RRX: I’m more familiar with writing collections than putting together albums, but I’ve done both, and there are similarities. It’s like you either go shopping to make the perfect meal, or you raid the cupboard to use up what you can and make a good stew out of it. How much of each of those methods went into your latest project?
FE: The songs come to us as they come to us. Working towards getting into the studio over the past year has kicked us into a higher gear, so the process of writing songs has become easier. Our new album, There Is No Good In Us, carries a combination of songs that we’ve been playing at our shows – those ones were road tested and ready to go – and new ones that we’ve written over the last year. We didn’t start out with a concept or an underlying theme. To double back to an earlier question, I think our style and our influences make it a cohesive collection of songs. The three of us love 70’s rock like Cheap Trick and Vintage Kiss, 70’s and early 80’s punk like The Ramones and The Clash, and 90’s Seattle-based grunge. You’ll continue to hear those influences on this new collection.
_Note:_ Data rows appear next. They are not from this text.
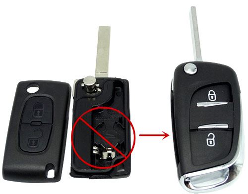 Náhradní obal vystřelovacího klíče Citroën s 2-tlačítkovým nevystřelovacím klíčem (48CT101) (bez elektroniky a čipu imobilizéru). Slouží pro změnu ze staršího vystřelovacího klíče na novější verzi s vystřelovacím klíčem. Do klíče je nutno vložit z původního klíče elektroniku dálkového ovládání a čip imobilizéru (transpondér), planžetu klíče je třeba nechat vyfrézovat podle tvaru originálního klíče.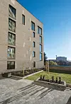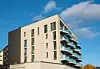 – Den grunnleggende geometrien i en trekantet tomt, gjør det mulig å jobbe i flere retninger. Men vi ønsket også å ha en variasjon i fasaden. Derfor er det lagt inn skråstilte fronter i balkongene med glassrekkverk. Det er blitt et ryddig prosjekt, stramt og med få vindusformater med en enkel vindusplassering i forhold til hverandre, forteller Høglund.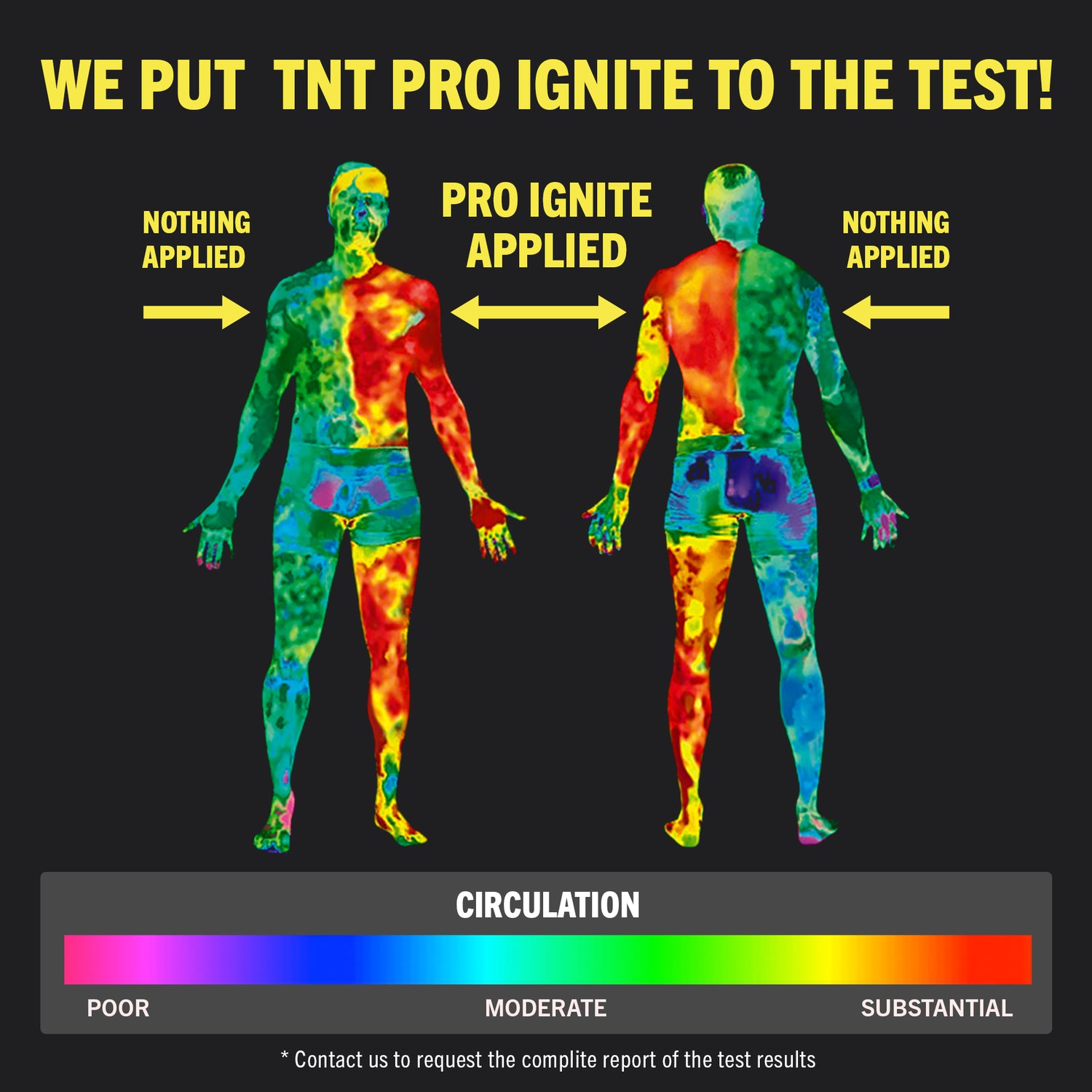 Using a thermographic infrared camera, we appliedTNT Pro Ignite to one side of the body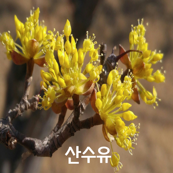 층층나무과의 낙엽교목인 산수유나무의 열매이다. 타원형의 핵과(核果)로서 처음에는 녹색이었다가 8~10월에 붉게 익는다. 종자는 긴 타원형이며, 능선이 있다. 약간의 단맛과 함께 떫고 강한 신맛이 난다. 10월 중순의 상강(霜降) 이후에 수확하는데, 육질과 씨앗을 분리하여 육질은 술과 차 및 한약의 재료로 사용한다.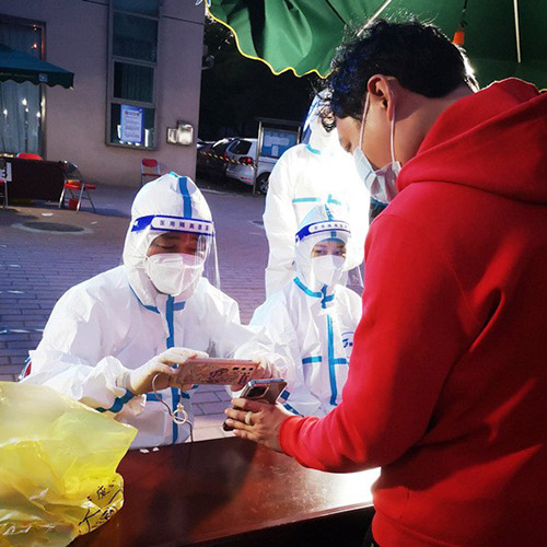5月4日7時(shí),北京銀行黨委書(shū)記、董事長(zhǎng)霍學(xué)文準(zhǔn)時(shí)到達(dá)廣內(nèi)街道宣武藝園核酸檢測(cè)點(diǎn),向社區(qū)工作人員報(bào)到。霍學(xué)文穿戴好藍(lán)色防護(hù)服、套上鞋套、膠皮手套和透明防護(hù)面罩,開(kāi)始維護(hù)現(xiàn)場(chǎng)秩序,提醒居民戴好口罩、準(zhǔn)備好身份證,并保持安全間距?;魧W(xué)文表示,馳援社區(qū)防疫一線是服務(wù)群眾的最好機(jī)會(huì),北京銀行選派了90名干部員工投入下沉社區(qū),還成立了志愿服務(wù)工作組與街道社區(qū)攜手打贏疫情防控阻擊戰(zhàn)。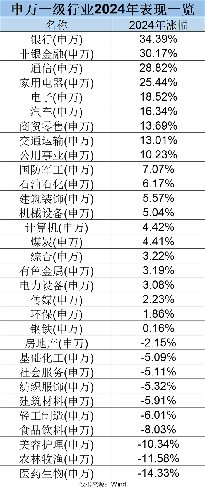 从板块表现来看,从申万一级行业来看,银行业成为2024年表现最好行业,涨幅达到34.39%,非银金融、通信、家用电器等涨幅也超25%。而医药生物、农林牧渔、美容护理等板块跌幅超过10%。

RRX: So, the year in retrospect. You’ve played. You’ve worked. And since you have been rocking out since 2001 at least, it might be easy to call 2019 a hash mark on the wall, but what did you guys learn this year about music, the scene? Were there any surprises out there?
FE: Making and marketing a new album is a lot of work. I know that’s not a profound statement, but it doesn’t really hit you until you’re there. The more you learn, the more you realize you have to deal with if you want to do it right. It’s definitely traveling down a rabbit hole! We are in the process of trying to make our music more accessible to everyone, with updating our online presence with Apple Music, Spotify, Bandcamp, Reverbnation, CD Baby and more. So our music, new and old, will be available for streaming or downloading. We’re also ready to relaunch our website thanks to Gus and his design team at Haidesign. We’ve spent the last few years playing shows and honing the songs. It’s a completely new dimension with getting the product out there, now that the recording is done.
RRX: We’re coming up on Thanksgiving, and the holidays, which means different things to different people, but I know that you don’t spend any waking time around Thanksgiving and New Year’s Eve without having introspection in your mind. So maybe to kickstart that, are there any deep thoughts coming from Blackcat Elliot this year?
FE: Yeah, of course. You can’t approach the holidays and the year’s end without thinking where you’ve been and where you’re going. We’ve been fortunate enough to be able to do this for a long time, we’re friends and still having a lot of fun. We fight and drive each other crazy, too,
but that’s part of the package. We’re thankful for all of it. Gus and Marky started BCE in 2001, as you mentioned, and I’ve been in the band since 2008. We’ve seen our kids grow up, lost loved ones and survived medical scares. Rock-n-roll and making music keeps us going.
Plus, what else are we gonna do at this point?
RRX: Here’s where you get to answer the question I didn’t ask. Black cats in the practice room, yes? No? Band members in the practice room? Enlighten, educate, emote – the floor is yours.
FE: Special thanks to Danielle and the boys for putting up with us for all these years. We’re also very thankful for everyone’s continued support – our families, friends and felines, the bands we’ve been sharing the stage with, and the clubs we’ve been able to play at. We wouldn’t still be making music and having the time of our lives on the stage if it wasn’t for you. Hope to see you at The Hangar on November 16th in Troy to help us celebrate together!